His daughter’s memory had been erased, her personality altered, and her body had been changed.

In that instant, Hulei understood the true extent of the boss’s punishment.

Never in his life had he felt such a murderous urge.

He would never allow anyone to touch his daughter again.

Now, with his daughter standing at his side, Hulei smiled and pulled her close. He dared not imagine what she had endured over those six months, so he would devote himself to making it up to her, to keeping her safe, helping her grow strong under his protection.

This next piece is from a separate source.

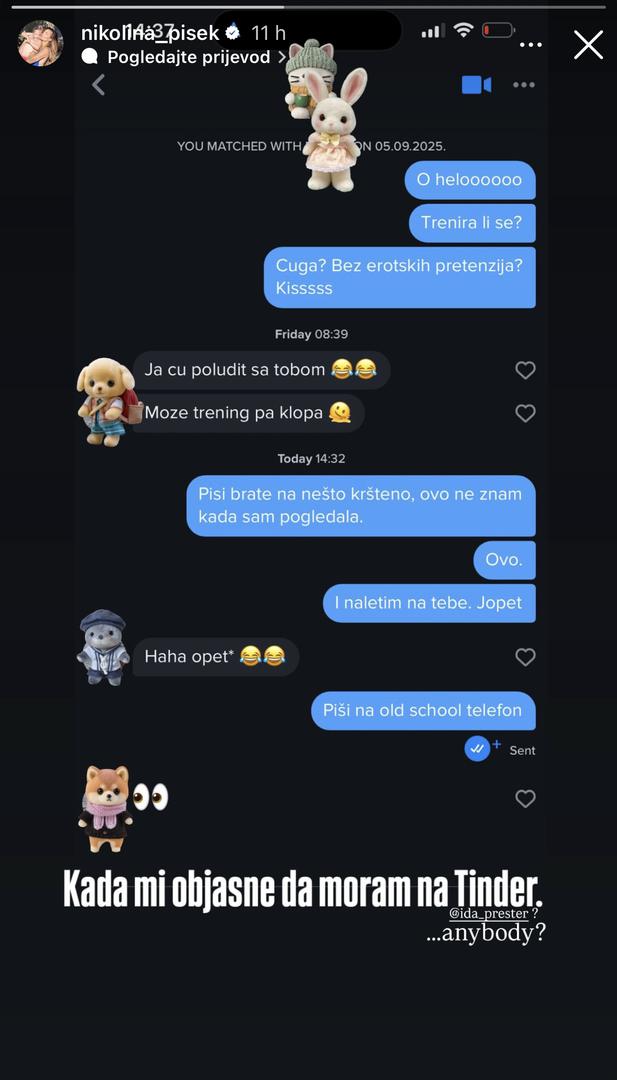RTL-ova voditeljica, 52-godišnja Nikolina Pišek na društvenoj mreži Instagram često objavljuje detalje i neke zanimljive dogodovštine iz privatnog života. Tako je sada objavila zanimljivost s aplikacije za upoznavanje Tinder. Naime, ondje je objavila zanimljivost s te društvene mreže za "dejtanje" te je napisala: "Kada mi objasne da moram na Tinder", a komunikacija s misterioznim muškarcem išla je ovako... Nikolina mu je poslala: "O Hellou. Trenira li se? Cuga, bez erotskih pretenzija? Kiss", a muškarac joj je potom odgovorio: "Ja ću poludjeti s tobom, može trening pa klopa", a ona mu je potom dodala: "Piši brate na nešto kršteno, ovo ne znam kada sam pogledala. I naletim na tebe, opet. Piši na 'old school' telefon", dodala je.

After Zuo Ba from the thirteenth floor vanished following a failed “second transformation,” the position of dangerous inmate became vacant. On the sixth floor, the only level with two superpowered inmates, one was the fat man, and the other his daughter, still classified as an ordinary prisoner.

With her abilities, she could have easily taken the thirteenth floor’s dangerous inmate slot—if not for Mu You’s unexpected rise.

Hulei held his daughter tighter, his face darkening with murderous resolve as he eyed the anxious thirteenth floor inmates.

He had to strike before that boy consolidated his place—wipe them all out and make his daughter the dangerous inmate.

In this world, without status, everything else is just empty words.